Below are records with pictures in them. Transcribe everything from the line containing "Q=4 Q=2 Q=3" down to the line containing "Il commence à", exactly, and leave the pictures behind.

*DATA TO USE*
'''

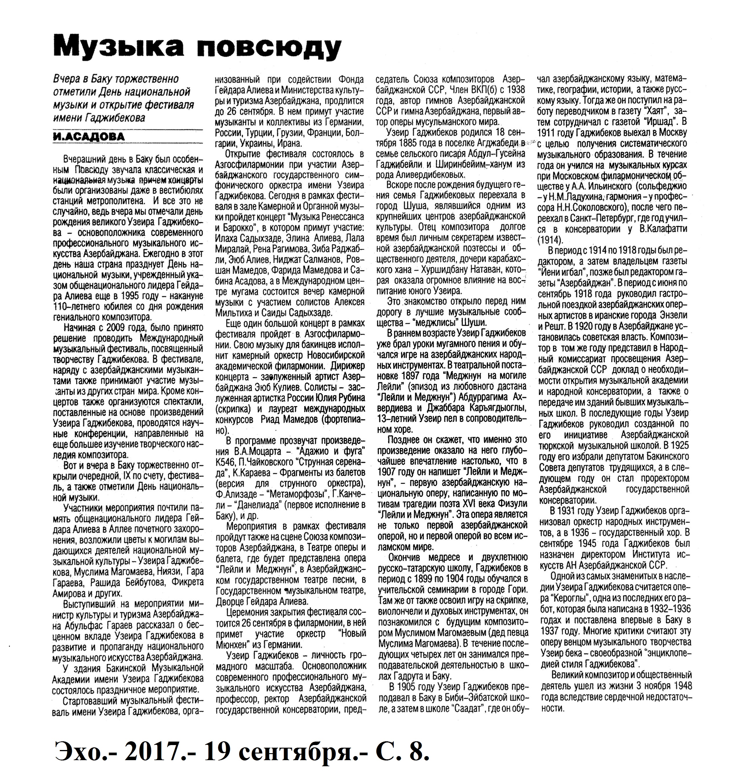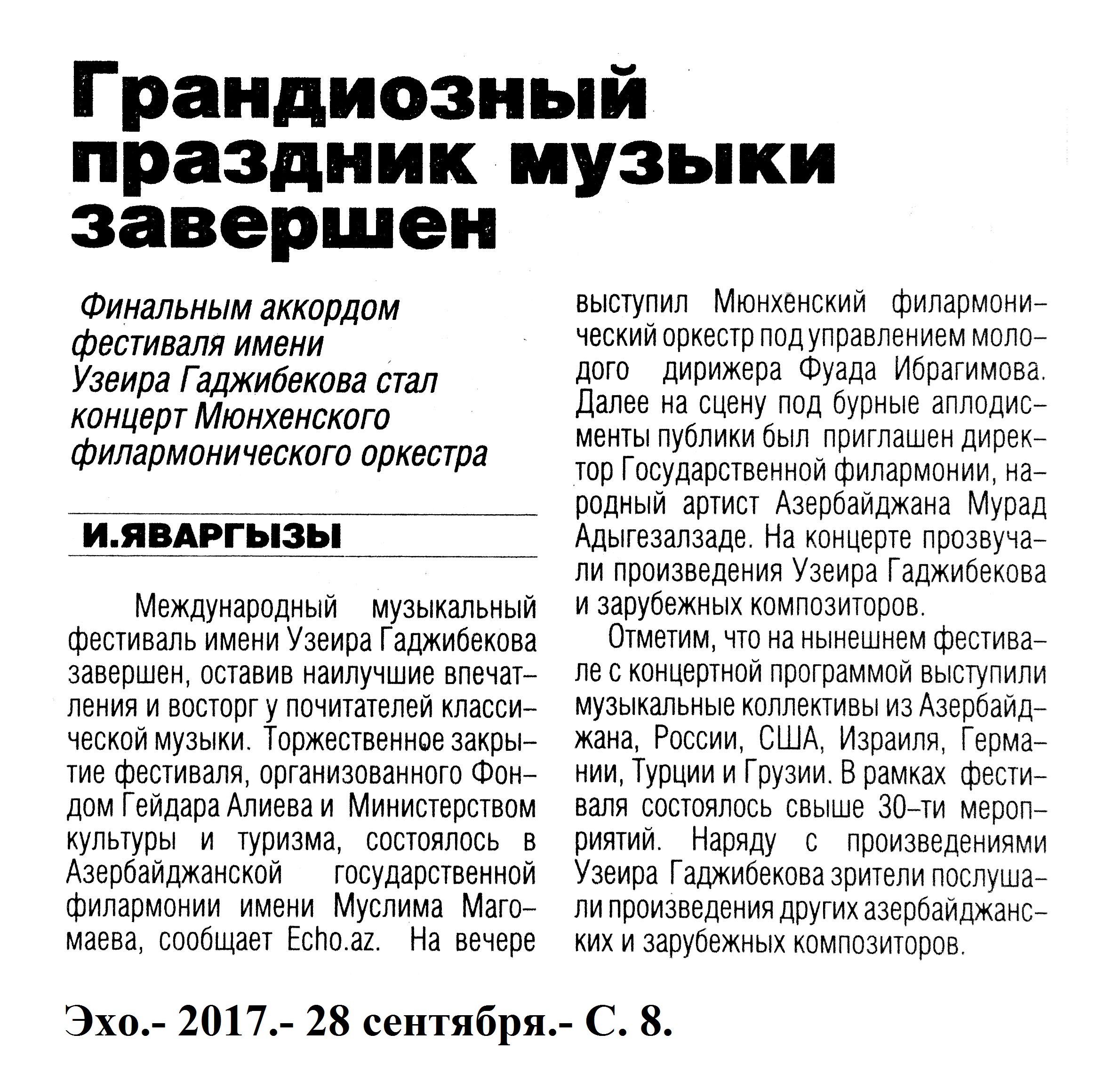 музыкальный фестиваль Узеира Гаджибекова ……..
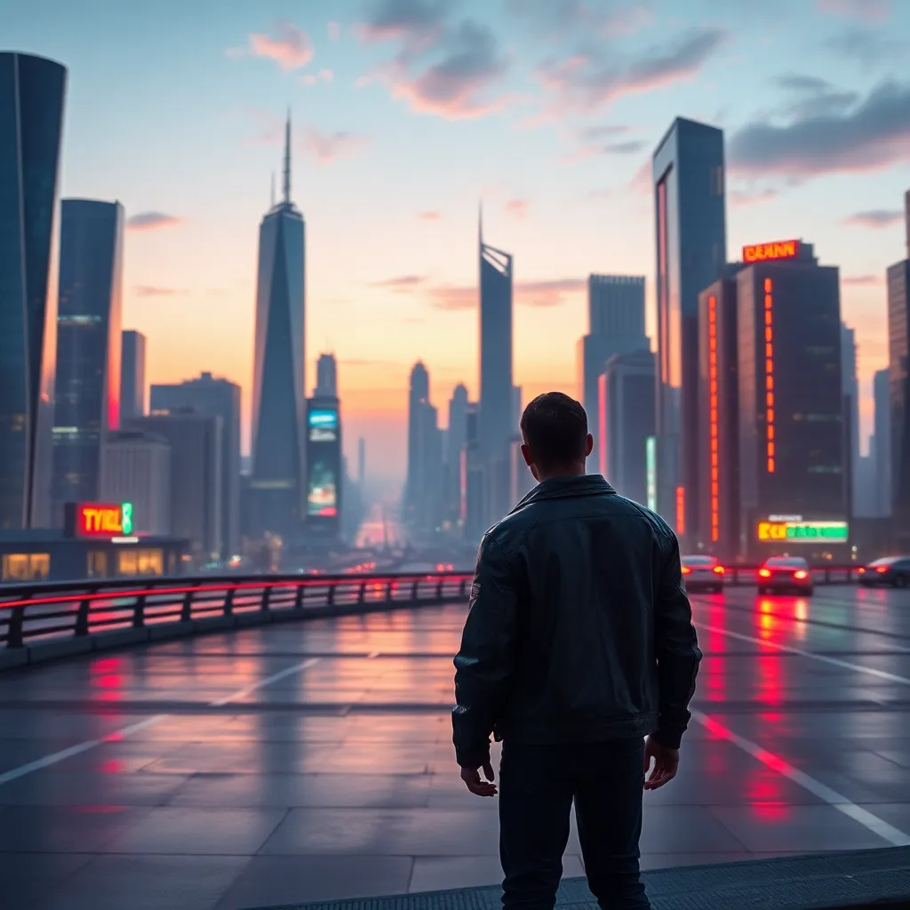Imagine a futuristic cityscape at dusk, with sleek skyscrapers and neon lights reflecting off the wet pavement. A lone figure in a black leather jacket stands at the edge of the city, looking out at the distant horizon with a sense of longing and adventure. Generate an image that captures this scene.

'''
'''

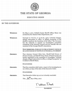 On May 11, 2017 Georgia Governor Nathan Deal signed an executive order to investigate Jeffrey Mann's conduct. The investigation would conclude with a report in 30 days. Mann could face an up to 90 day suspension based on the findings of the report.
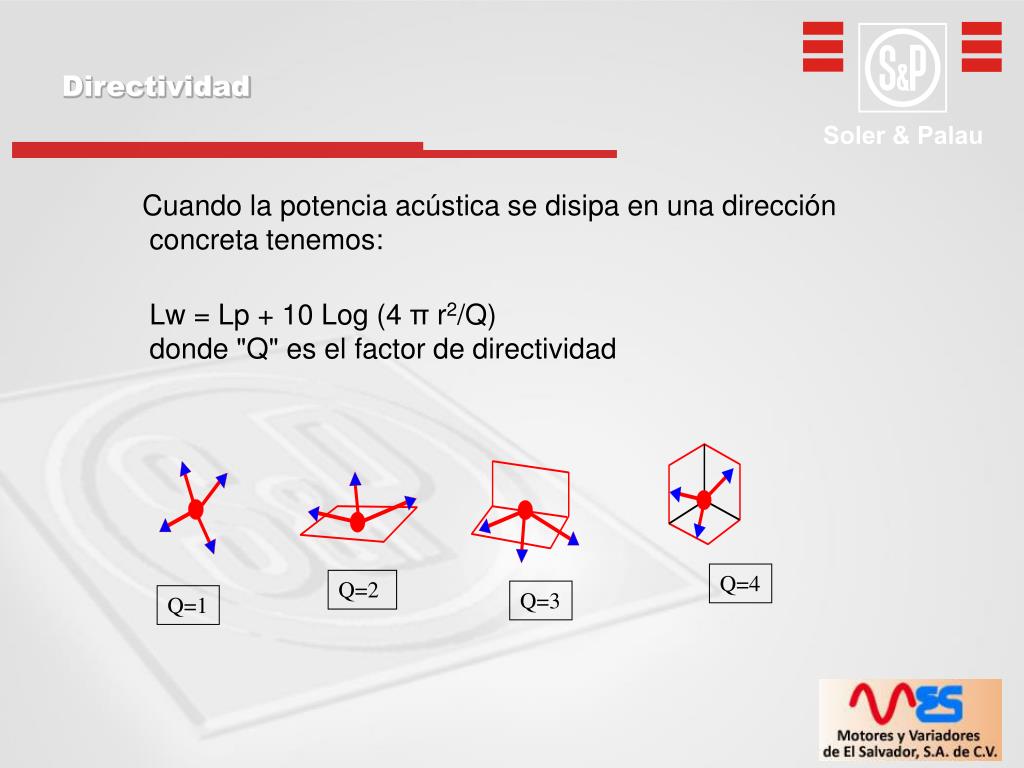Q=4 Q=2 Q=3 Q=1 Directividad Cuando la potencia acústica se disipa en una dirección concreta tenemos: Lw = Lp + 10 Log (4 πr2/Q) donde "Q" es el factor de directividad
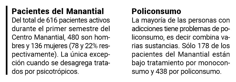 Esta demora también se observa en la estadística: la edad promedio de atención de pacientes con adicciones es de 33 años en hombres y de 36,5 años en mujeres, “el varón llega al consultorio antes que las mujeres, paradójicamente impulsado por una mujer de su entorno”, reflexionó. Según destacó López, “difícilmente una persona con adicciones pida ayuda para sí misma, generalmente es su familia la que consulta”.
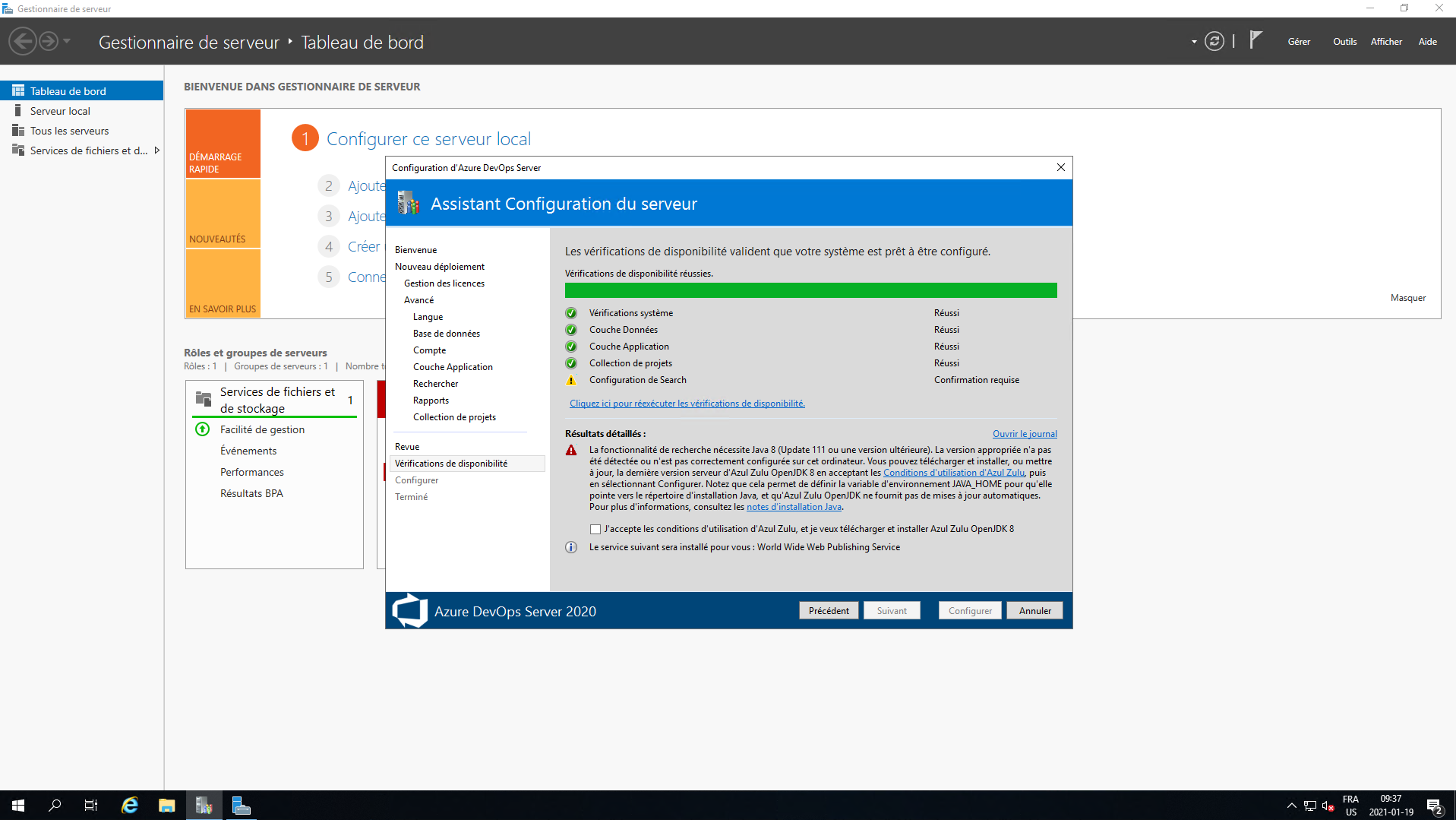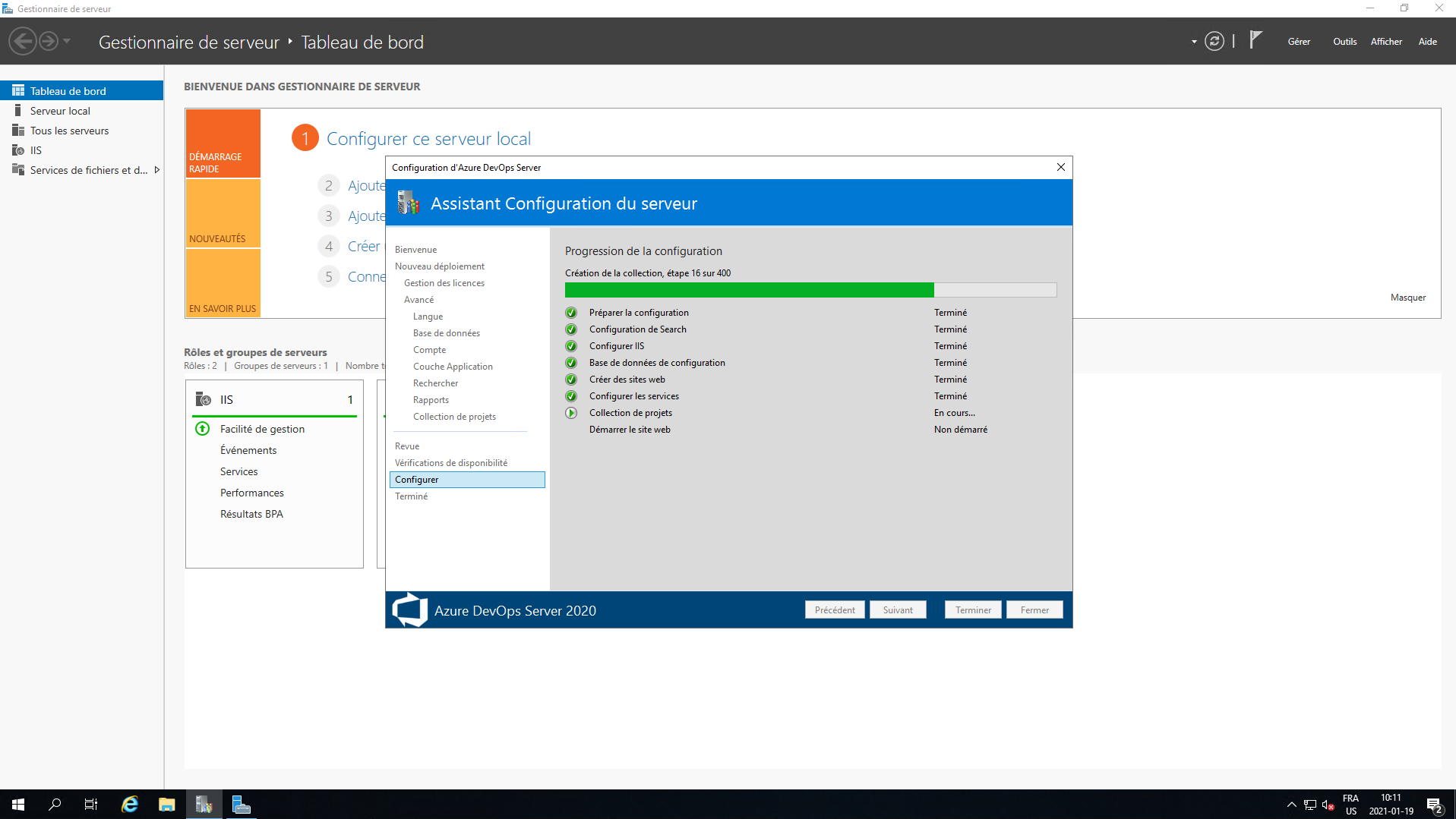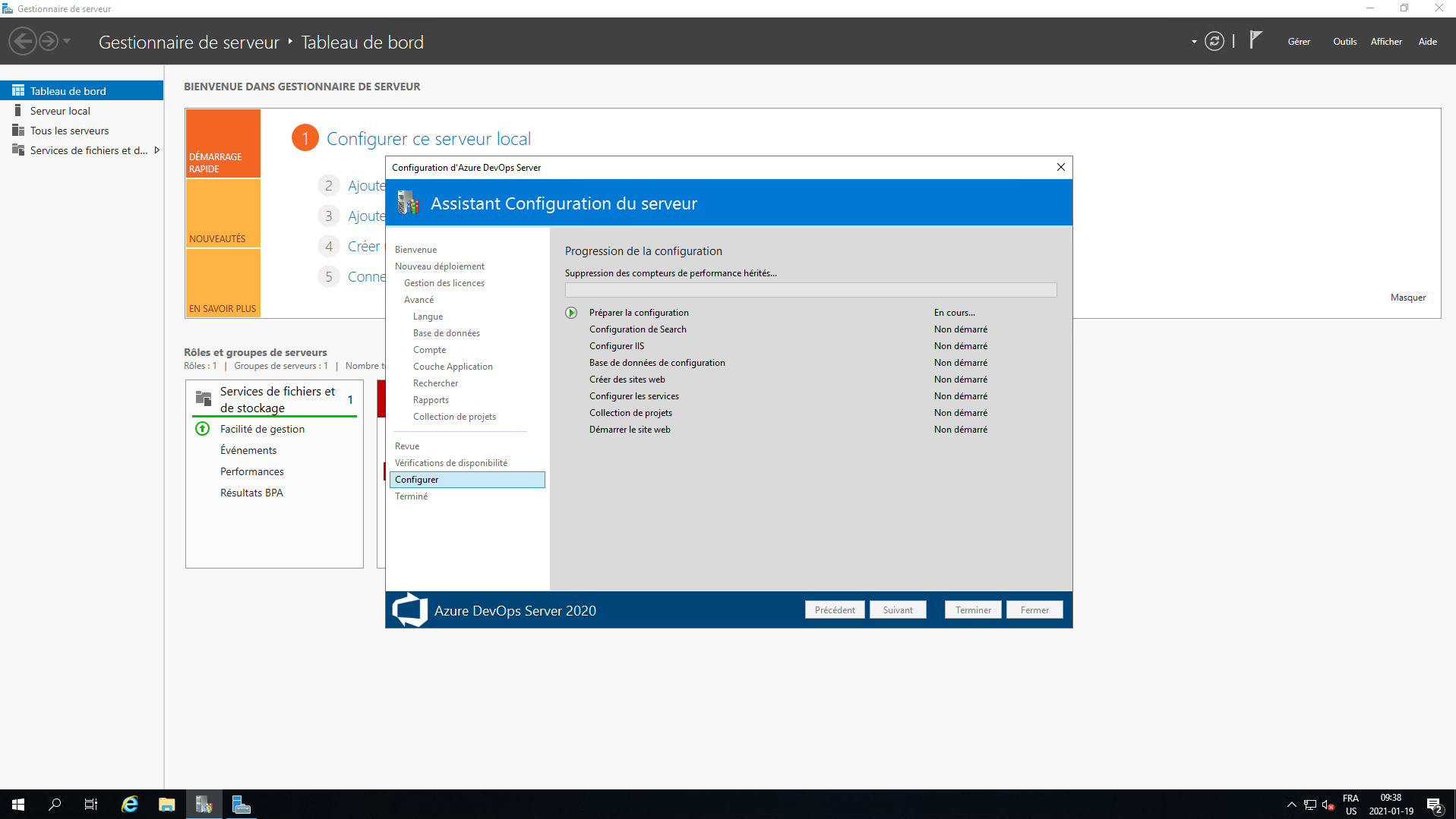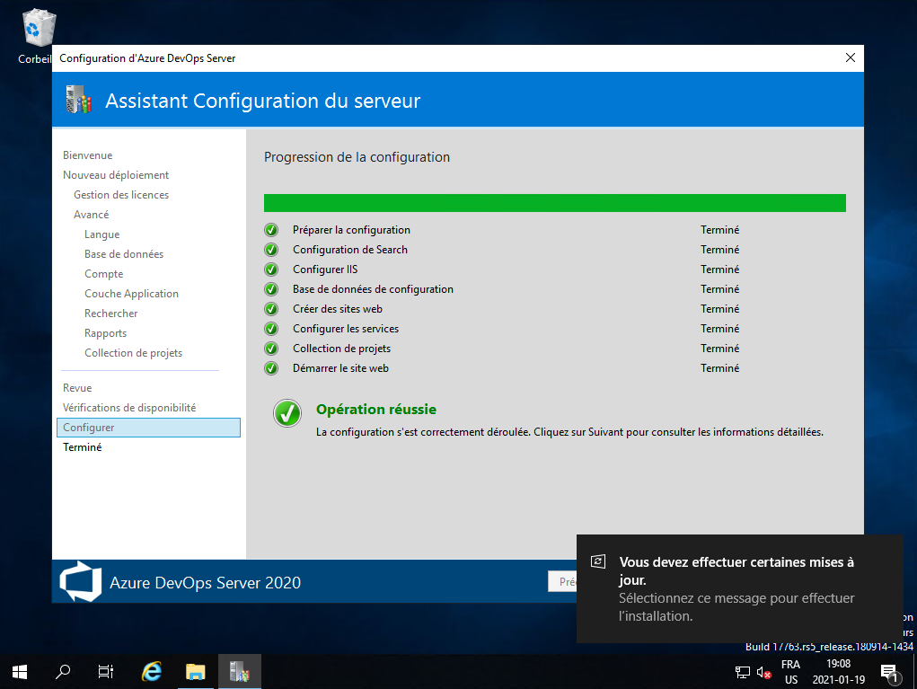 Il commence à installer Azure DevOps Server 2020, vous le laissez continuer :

'''

*OUTPUT BELOW*
Q=4 Q=2 Q=3 Q=1 Directividad Cuando la potencia acústica se disipa en una dirección concreta tenemos: Lw = Lp + 10 Log (4 πr2/Q) donde "Q" es el factor de directividad
 Esta demora también se observa en la estadística: la edad promedio de atención de pacientes con adicciones es de 33 años en hombres y de 36,5 años en mujeres, “el varón llega al consultorio antes que las mujeres, paradójicamente impulsado por una mujer de su entorno”, reflexionó. Según destacó López, “difícilmente una persona con adicciones pida ayuda para sí misma, generalmente es su familia la que consulta”.
 Il commence à installer Azure DevOps Server 2020, vous le laissez continuer :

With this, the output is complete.